- Source data -
—————

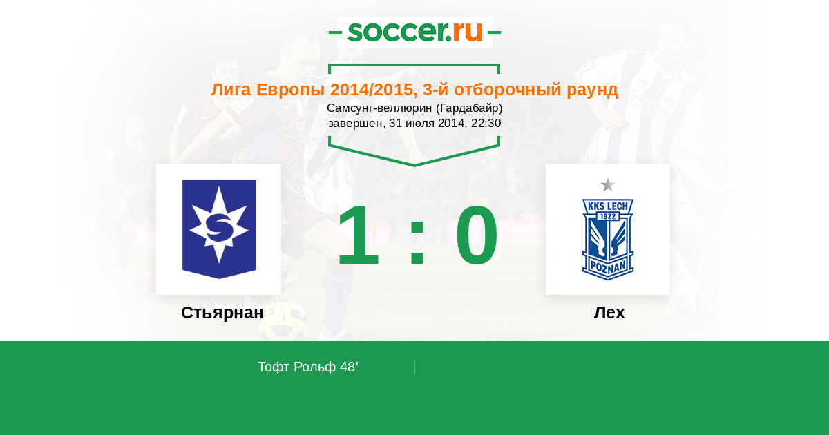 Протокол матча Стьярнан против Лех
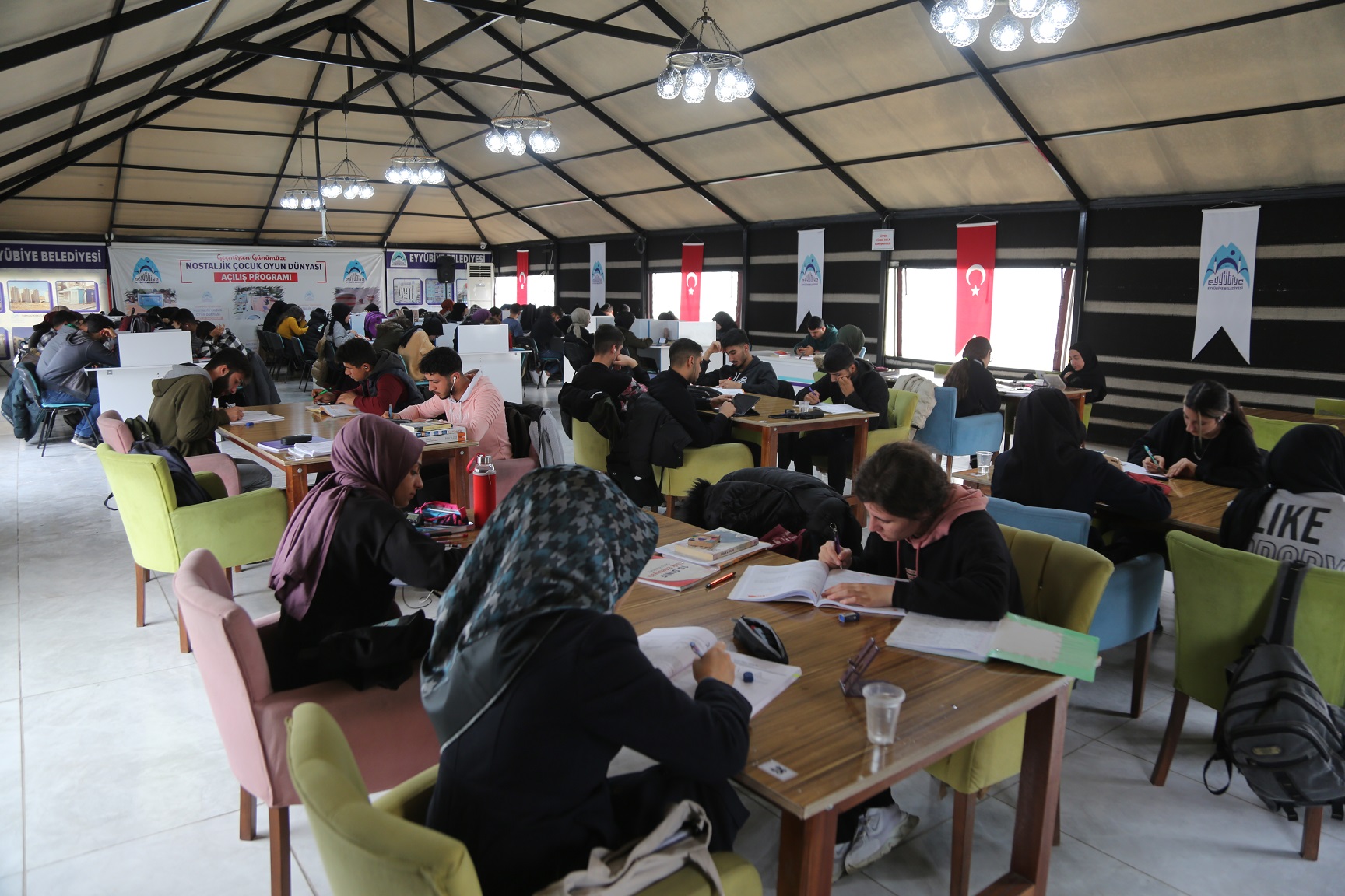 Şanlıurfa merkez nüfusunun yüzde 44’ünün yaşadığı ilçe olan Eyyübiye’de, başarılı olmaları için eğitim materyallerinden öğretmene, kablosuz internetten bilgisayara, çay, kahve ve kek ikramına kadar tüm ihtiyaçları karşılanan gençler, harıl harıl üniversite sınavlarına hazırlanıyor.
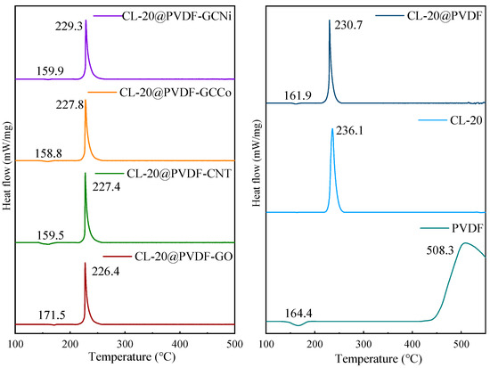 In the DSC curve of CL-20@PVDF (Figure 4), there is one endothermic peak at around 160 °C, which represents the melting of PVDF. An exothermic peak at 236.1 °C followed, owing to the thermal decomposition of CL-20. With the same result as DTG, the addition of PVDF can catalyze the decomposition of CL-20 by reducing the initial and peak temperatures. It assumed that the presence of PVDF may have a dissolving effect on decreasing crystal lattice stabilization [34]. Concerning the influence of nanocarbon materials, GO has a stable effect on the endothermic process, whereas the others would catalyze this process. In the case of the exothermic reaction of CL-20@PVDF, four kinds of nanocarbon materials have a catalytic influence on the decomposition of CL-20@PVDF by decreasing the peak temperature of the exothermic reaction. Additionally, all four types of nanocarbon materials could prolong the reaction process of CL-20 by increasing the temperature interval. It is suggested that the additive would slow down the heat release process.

—————

- Brief -
Please restate the lines above exactly, starting at the first line of the data and stopping at the line containing "Şanlıurfa merkez nüfusunun", which is included. Omit pictures.

- Written solution -
 Протокол матча Стьярнан против Лех
 Şanlıurfa merkez nüfusunun yüzde 44’ünün yaşadığı ilçe olan Eyyübiye’de, başarılı olmaları için eğitim materyallerinden öğretmene, kablosuz internetten bilgisayara, çay, kahve ve kek ikramına kadar tüm ihtiyaçları karşılanan gençler, harıl harıl üniversite sınavlarına hazırlanıyor.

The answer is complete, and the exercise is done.